▸ What to produce
Leave out the pictures and set down exactly the lines from the start of the listing through the one with "12月の誕生会ではマラカスを", both included.
Collected data Start Marker
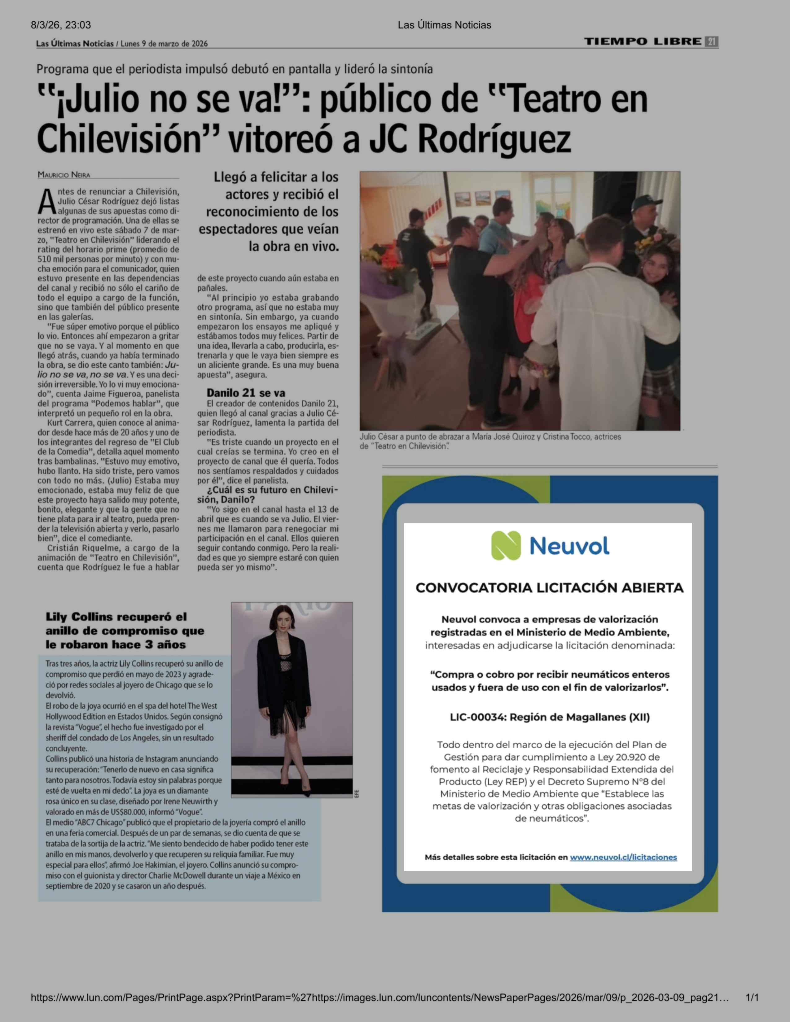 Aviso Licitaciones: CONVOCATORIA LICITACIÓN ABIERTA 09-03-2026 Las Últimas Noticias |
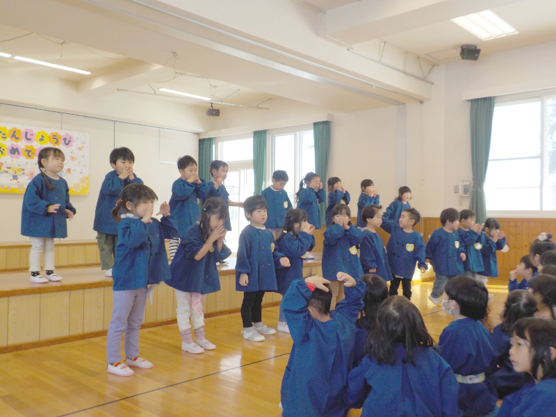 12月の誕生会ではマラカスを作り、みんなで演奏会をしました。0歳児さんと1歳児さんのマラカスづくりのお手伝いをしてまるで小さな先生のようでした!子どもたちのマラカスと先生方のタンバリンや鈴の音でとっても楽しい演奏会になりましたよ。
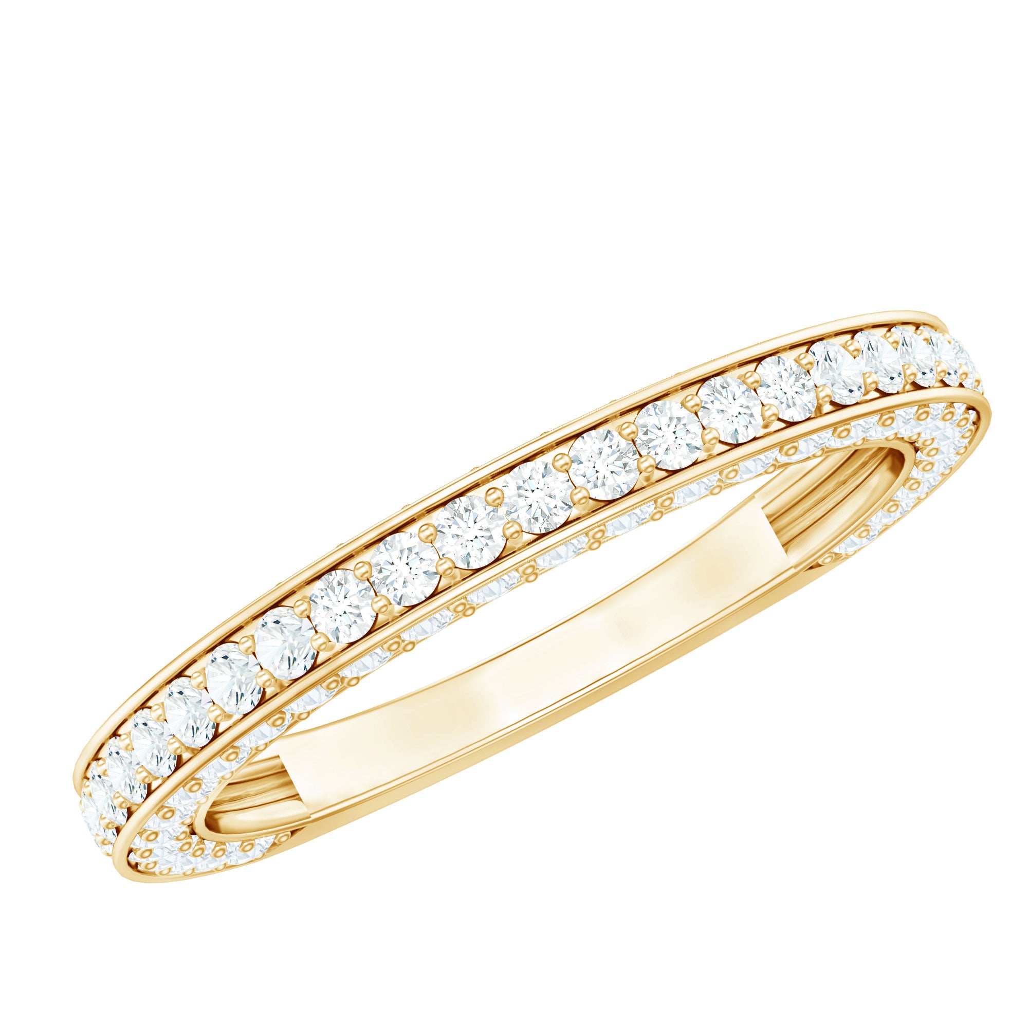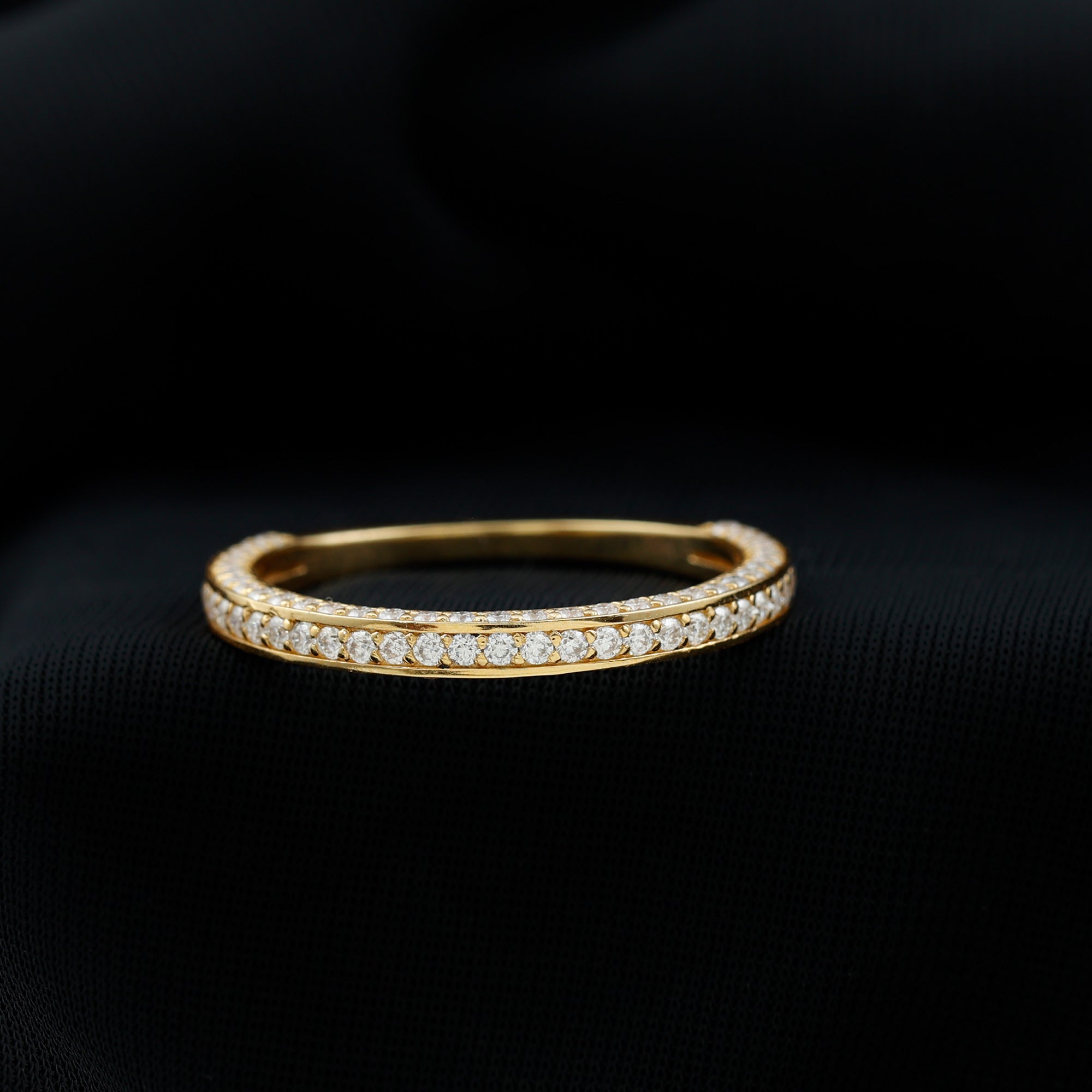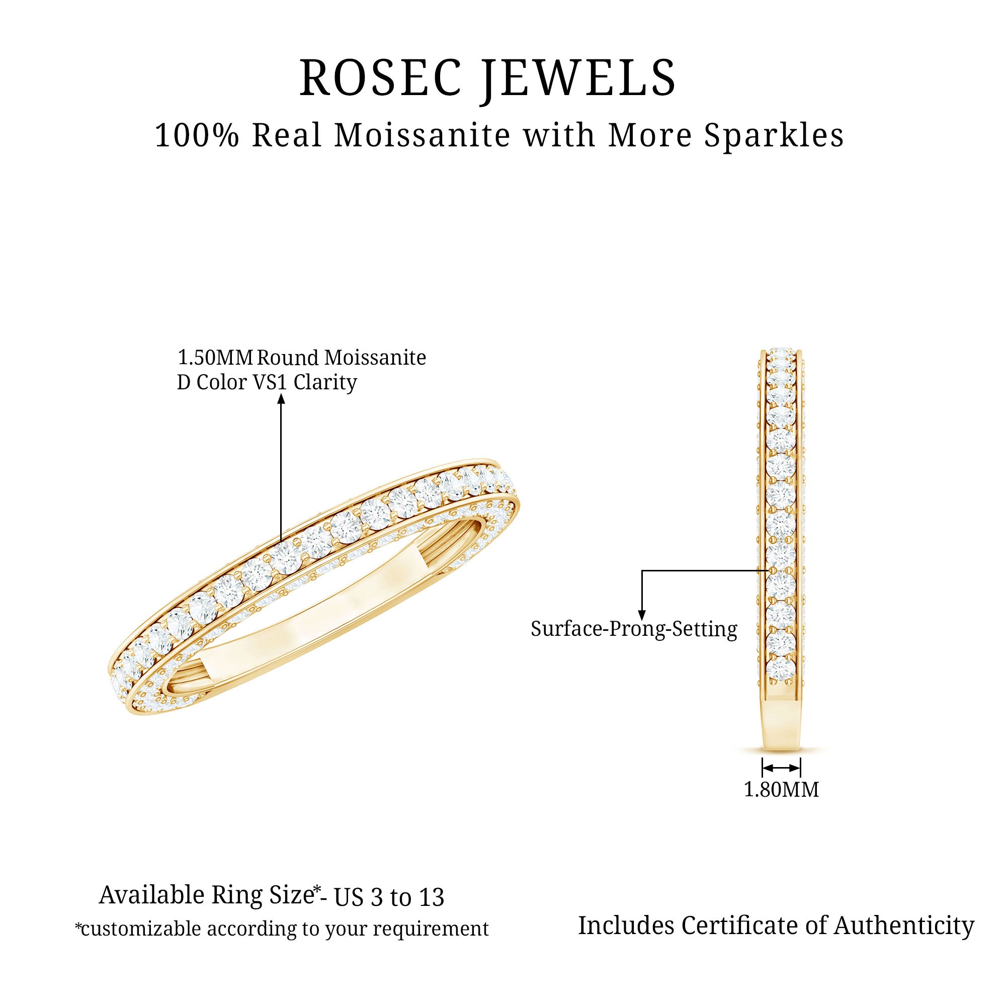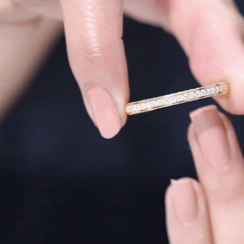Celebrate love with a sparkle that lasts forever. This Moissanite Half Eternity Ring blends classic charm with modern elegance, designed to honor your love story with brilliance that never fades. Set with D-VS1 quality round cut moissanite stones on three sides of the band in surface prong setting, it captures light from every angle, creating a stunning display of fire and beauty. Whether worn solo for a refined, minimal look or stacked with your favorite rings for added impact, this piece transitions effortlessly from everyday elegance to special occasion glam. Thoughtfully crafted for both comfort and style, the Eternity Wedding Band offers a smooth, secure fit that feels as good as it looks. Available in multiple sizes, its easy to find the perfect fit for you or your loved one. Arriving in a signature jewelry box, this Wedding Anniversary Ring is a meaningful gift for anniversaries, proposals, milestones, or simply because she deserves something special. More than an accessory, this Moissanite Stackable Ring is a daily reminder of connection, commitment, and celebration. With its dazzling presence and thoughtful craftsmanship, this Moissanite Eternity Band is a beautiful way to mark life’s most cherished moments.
Collected data End Marker
▸ Answer to this exercise
 Aviso Licitaciones: CONVOCATORIA LICITACIÓN ABIERTA 09-03-2026 Las Últimas Noticias |
 12月の誕生会ではマラカスを作り、みんなで演奏会をしました。0歳児さんと1歳児さんのマラカスづくりのお手伝いをしてまるで小さな先生のようでした!子どもたちのマラカスと先生方のタンバリンや鈴の音でとっても楽しい演奏会になりましたよ。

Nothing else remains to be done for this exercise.